__DATA FOR PROCESSING__.
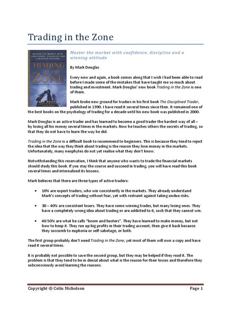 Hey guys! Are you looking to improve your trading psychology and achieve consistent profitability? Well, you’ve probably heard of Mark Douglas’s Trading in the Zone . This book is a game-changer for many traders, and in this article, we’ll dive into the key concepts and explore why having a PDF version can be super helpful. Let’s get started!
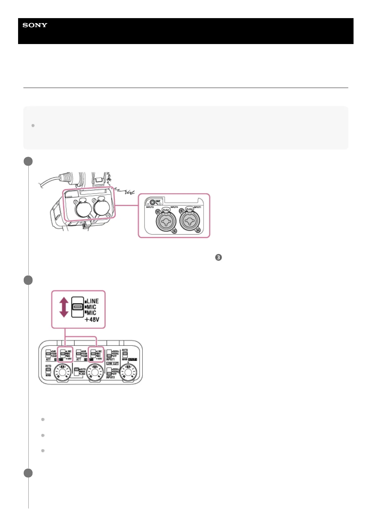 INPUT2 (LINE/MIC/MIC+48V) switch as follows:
---
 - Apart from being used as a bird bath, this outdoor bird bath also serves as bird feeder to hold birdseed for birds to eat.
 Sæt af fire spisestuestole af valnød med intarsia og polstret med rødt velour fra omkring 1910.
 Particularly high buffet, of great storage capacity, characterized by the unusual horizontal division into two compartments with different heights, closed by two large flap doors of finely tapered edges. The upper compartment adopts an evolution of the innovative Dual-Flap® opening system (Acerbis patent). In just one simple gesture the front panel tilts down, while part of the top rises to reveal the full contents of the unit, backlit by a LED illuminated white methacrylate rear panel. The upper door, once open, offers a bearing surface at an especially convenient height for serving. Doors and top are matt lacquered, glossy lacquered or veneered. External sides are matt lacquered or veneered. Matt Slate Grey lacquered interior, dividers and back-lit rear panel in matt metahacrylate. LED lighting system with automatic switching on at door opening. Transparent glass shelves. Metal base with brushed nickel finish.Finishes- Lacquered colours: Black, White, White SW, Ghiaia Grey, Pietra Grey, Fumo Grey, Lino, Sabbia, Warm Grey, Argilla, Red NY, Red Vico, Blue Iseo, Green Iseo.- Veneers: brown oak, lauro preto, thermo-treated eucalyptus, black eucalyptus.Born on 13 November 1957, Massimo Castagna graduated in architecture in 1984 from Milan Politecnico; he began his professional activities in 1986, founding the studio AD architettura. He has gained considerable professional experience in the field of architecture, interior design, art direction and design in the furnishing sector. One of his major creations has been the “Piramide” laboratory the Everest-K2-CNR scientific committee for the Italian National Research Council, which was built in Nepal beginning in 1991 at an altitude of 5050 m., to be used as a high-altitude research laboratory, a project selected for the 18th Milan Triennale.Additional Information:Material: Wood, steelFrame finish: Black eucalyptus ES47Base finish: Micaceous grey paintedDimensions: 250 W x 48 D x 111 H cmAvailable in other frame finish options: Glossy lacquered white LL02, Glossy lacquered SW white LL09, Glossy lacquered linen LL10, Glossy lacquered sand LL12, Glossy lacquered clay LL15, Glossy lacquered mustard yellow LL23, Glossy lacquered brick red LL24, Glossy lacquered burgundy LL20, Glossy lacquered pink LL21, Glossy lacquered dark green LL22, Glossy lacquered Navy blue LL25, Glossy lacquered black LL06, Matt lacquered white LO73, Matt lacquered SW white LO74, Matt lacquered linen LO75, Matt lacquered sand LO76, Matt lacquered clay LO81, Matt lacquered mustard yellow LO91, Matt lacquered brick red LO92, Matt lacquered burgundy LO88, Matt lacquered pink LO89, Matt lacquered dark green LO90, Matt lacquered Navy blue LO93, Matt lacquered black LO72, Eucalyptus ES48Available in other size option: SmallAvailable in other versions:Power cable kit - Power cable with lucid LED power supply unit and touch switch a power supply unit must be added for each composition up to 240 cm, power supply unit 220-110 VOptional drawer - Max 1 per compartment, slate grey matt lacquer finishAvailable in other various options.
---
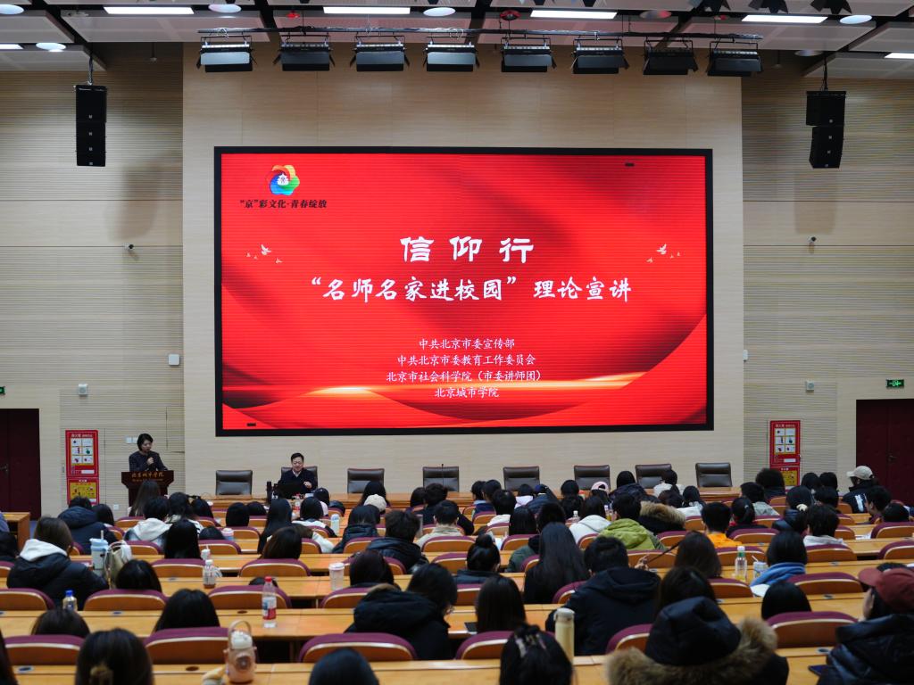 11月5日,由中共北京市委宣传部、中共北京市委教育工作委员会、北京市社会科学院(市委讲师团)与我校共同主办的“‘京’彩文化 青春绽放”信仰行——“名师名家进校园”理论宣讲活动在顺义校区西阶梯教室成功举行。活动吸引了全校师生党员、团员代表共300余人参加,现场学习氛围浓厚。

__WHAT YOU HAVE TO DO__. When you reach the line holding "Hey guys! Are" in the listing above, begin retyping exactly, and stop once the line holding "INPUT2 (LINE/MIC/MIC+48V) switch" is done; pictures stay out.

__SOLUTION TO THE PROBLEM__.
 Hey guys! Are you looking to improve your trading psychology and achieve consistent profitability? Well, you’ve probably heard of Mark Douglas’s Trading in the Zone . This book is a game-changer for many traders, and in this article, we’ll dive into the key concepts and explore why having a PDF version can be super helpful. Let’s get started!
 INPUT2 (LINE/MIC/MIC+48V) switch as follows:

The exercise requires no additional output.